Why Shooting Drills And Standards Are Important

This article was first published on DRTV Aug 21, 2012.

While this blog is authored by DOD Officer Dan Brady, it is a collaboration of thought between Dan and Narcotics cop Will Ruprecht. Both men have extensive military and LE training/experience and their thoughts are worth consideration. The drills listed are a mixture of HandgunCombatives, CSAT (Paul Howe) and Gunsite drills and are worth consideration.

Dave Spaulding

When we practice and train with live fire on the square range with our duty rig or daily carry kit we need to have a plan in place for what we want to accomplish with our allotted time and ammunition. We also need to understand what specific drills and standards are designed to teach or test. In general a good set of combative standards will provide:

1) A logical, progressive, stair stepped program that covers required skills.

2) A measurable standard to reach or maintain.

3) An applicable test of skill at weapons manipulations.

There are hundreds of firearms standards published and searchable online. What should you practice? Well in keeping with our philosophies of both simplicity and realism. I offer the following as a bench mark. It is a compilation of standards from a few different instructors.

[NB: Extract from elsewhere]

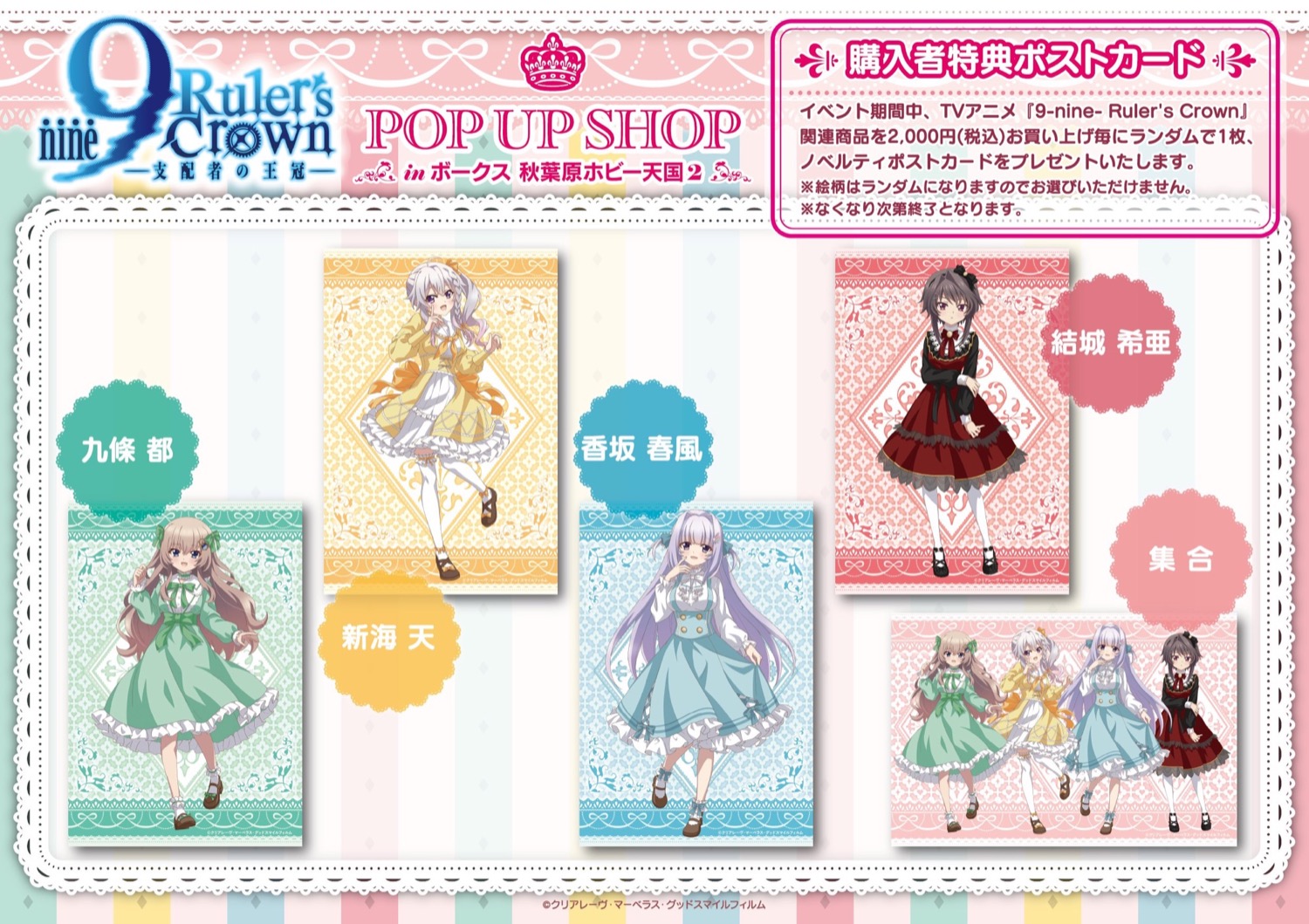 「TVアニメ『9-nine- Ruler's Crown』POP UP SHOP in ボークス秋葉原ホビー天国2」開催決定!

This is not an all inclusive training program. It is a set of drills designed to test reasonable combat speed and accuracy on a square range, with a minimal round count. Each of the individual drills will require the shooter to acquire a sight picture, manipulate the trigger, manage recoil, draw the firearm, change magazines, transition sight picture from target to target, move, change firing hands, address a malfunction or some combination thereof. Each of these skills is critical and being able to perform each under externally mandated time pressure is indicative of a very competent level of skill at arms with a pistol. After completing the work out, see where your times are slow or you may have fumbled or your shots went astray and practice that drill a few times to shore up your manipulations in that area.

This set of standards is designed for law enforcement duty rigs, military kits, and concealed carry. Start your range session with this work out. It can and will help you identify strengths and weaknesses in your gun handling. Everything is fired from 7 yards. 3 targets should be spaced 1-2 yards apart. Any target type will do, IPSC, IDPA, CSAT, DST-5, or similar target but only hits in the “A” Box, -0 ring, or PNZ count as hits.

1) Ready. 1 shot on 1 target/ 0.8 Sec

2) On target. 2 shots on 1 target/ 0.5

3) On target. 1 shot on 2 targets/ 1.0 Sec

4) On target. 1 shot, reload, 1 shot on 1 target/ 3.0 Sec

5) Draw. 1 shot on 1 target/ 1.5 Sec

6) Draw. 1 shot on each of 3 targets/ 3.0 Sec

7) Draw. 2 shots on 1 target/ 2.0 Sec

8) Draw. Sidestep. 2 shots on 1 target/ 2.0 Sec

9) Draw. 5 shots to the chest, 1 shot to the head on 1 target / 4 Sec

10) Ready. 2 shots strong hand, 2 shots support hand on 1 target/ 4 Sec

11) On Target. 1 shot, Tap, Rack, 1 Shot on 1 target/3 Sec

12) Draw. 2 shots, Reload, 2 shots on 1 target/ 5 Sec

13) Face 180 away from the target line, Draw. 2 Shots on each of 3 targets, Reload, 2 shots on each of 3 targets/ 8 Sec

Total: 43 Rounds
As Always, train hard, train often and Check 360.

Dan Brady


  1. Thank you for an interesting series of drills. I want to practice these and mostly shoot by myself. It seems I will need a shot timer to see if I am shooting within the spectrum for each drill. I have not used a timer before. Can these be used by one person, the shooter?

  2. Shot timers are extremely easy to learn. Most models have a random start function, select this function and hit the start button. This will give you usually 2 to 5 seconds before the buzzer sounds and begins timing your shooting evolution.

    Most good shot timers run between $90 and $120 depending on features.